Data shown: Begin

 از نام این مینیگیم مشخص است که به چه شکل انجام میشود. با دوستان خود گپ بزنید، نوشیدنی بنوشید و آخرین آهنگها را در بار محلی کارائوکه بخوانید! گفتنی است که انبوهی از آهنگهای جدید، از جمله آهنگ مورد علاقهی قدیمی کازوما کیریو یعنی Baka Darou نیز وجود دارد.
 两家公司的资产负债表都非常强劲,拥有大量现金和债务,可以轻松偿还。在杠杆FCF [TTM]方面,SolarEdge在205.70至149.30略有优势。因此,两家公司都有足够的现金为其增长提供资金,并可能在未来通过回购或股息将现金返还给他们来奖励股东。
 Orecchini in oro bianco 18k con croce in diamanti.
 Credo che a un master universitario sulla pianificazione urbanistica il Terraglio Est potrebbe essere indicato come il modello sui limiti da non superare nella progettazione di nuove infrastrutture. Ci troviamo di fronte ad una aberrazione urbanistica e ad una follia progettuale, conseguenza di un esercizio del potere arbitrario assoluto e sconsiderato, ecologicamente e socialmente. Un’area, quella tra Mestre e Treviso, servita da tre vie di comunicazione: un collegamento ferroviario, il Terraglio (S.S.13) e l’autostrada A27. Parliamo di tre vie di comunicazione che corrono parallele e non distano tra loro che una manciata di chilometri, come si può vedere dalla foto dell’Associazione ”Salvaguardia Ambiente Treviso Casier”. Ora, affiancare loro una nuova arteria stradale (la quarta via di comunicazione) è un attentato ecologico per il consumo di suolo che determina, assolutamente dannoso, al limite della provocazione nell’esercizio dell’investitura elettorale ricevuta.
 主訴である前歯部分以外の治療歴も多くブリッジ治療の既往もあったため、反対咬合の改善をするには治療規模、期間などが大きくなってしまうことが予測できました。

Data shown: End
Data shown: Begin

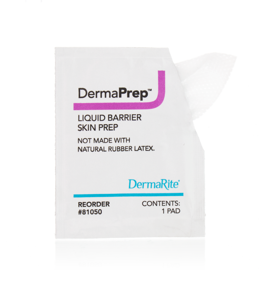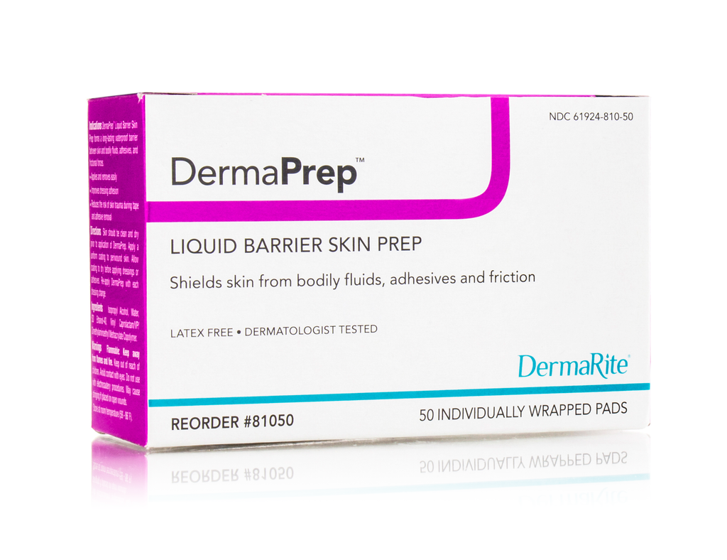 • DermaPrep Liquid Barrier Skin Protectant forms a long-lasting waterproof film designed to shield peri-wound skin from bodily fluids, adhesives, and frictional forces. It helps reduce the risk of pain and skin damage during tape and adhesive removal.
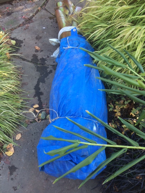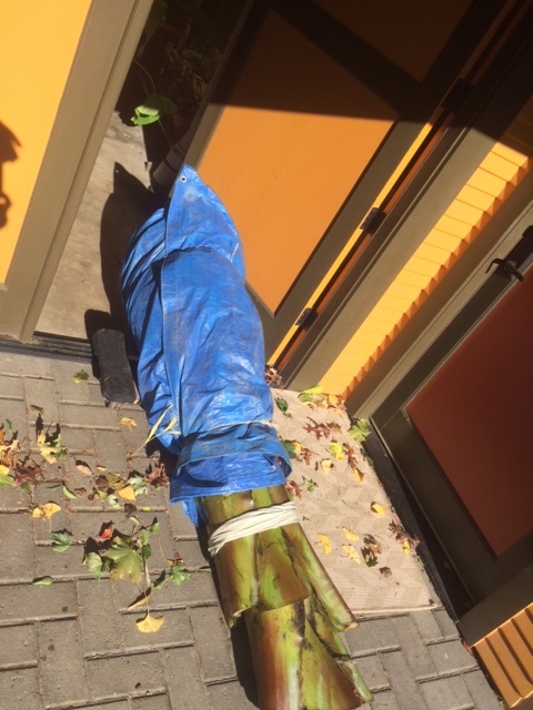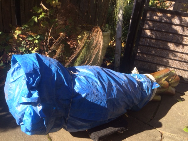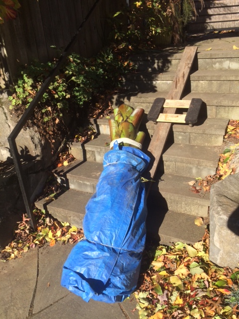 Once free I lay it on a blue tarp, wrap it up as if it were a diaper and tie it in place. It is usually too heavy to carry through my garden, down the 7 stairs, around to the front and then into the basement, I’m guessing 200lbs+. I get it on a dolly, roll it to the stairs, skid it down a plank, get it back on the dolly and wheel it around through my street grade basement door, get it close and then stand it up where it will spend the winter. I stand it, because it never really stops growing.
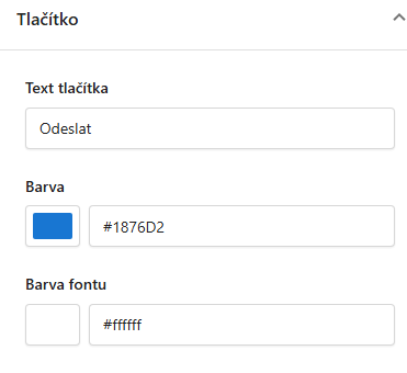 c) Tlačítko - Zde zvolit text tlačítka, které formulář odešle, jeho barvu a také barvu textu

Data shown: End
Data shown: Begin

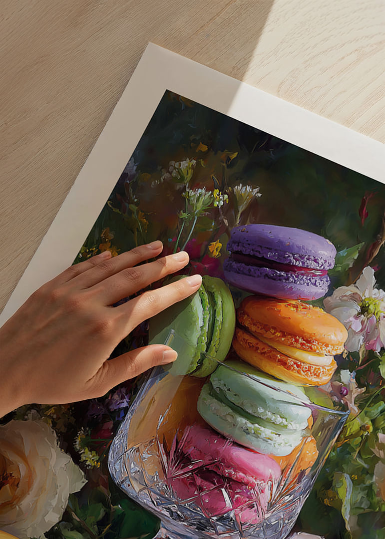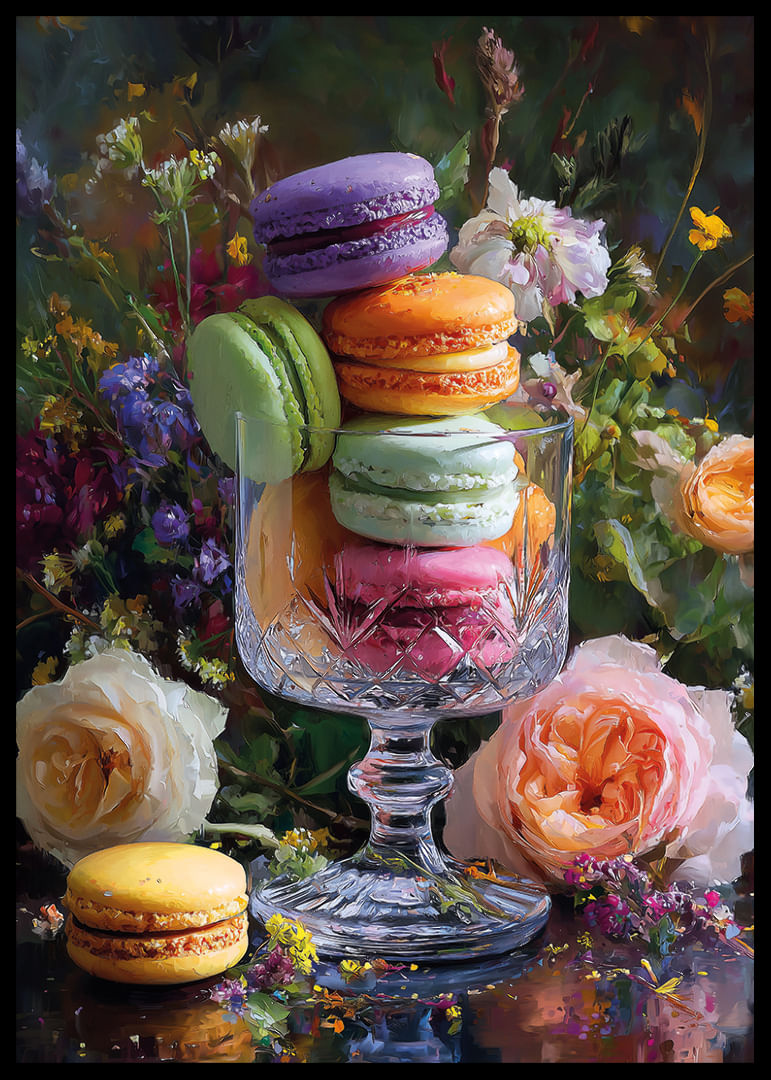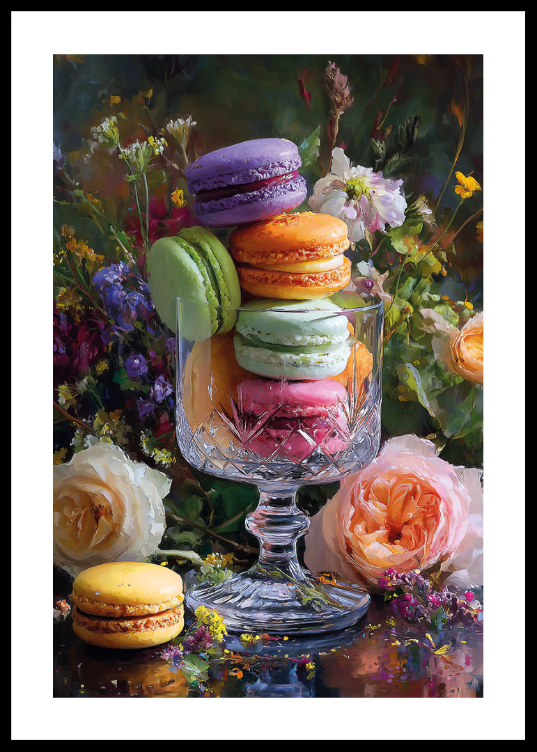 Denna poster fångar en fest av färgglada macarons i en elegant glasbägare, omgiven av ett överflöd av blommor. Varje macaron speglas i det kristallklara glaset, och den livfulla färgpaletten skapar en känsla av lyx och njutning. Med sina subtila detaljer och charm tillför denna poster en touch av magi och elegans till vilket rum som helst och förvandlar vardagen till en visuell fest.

Data shown: End

What is expected ::
Please give back exactly the lines of the listing above that run from the one containing "از نام این مینیگیم" through the one containing "两家公司的资产负债表都非常强", and only those.

Response to the task ::
 از نام این مینیگیم مشخص است که به چه شکل انجام میشود. با دوستان خود گپ بزنید، نوشیدنی بنوشید و آخرین آهنگها را در بار محلی کارائوکه بخوانید! گفتنی است که انبوهی از آهنگهای جدید، از جمله آهنگ مورد علاقهی قدیمی کازوما کیریو یعنی Baka Darou نیز وجود دارد.
 两家公司的资产负债表都非常强劲,拥有大量现金和债务,可以轻松偿还。在杠杆FCF [TTM]方面,SolarEdge在205.70至149.30略有优势。因此,两家公司都有足够的现金为其增长提供资金,并可能在未来通过回购或股息将现金返还给他们来奖励股东。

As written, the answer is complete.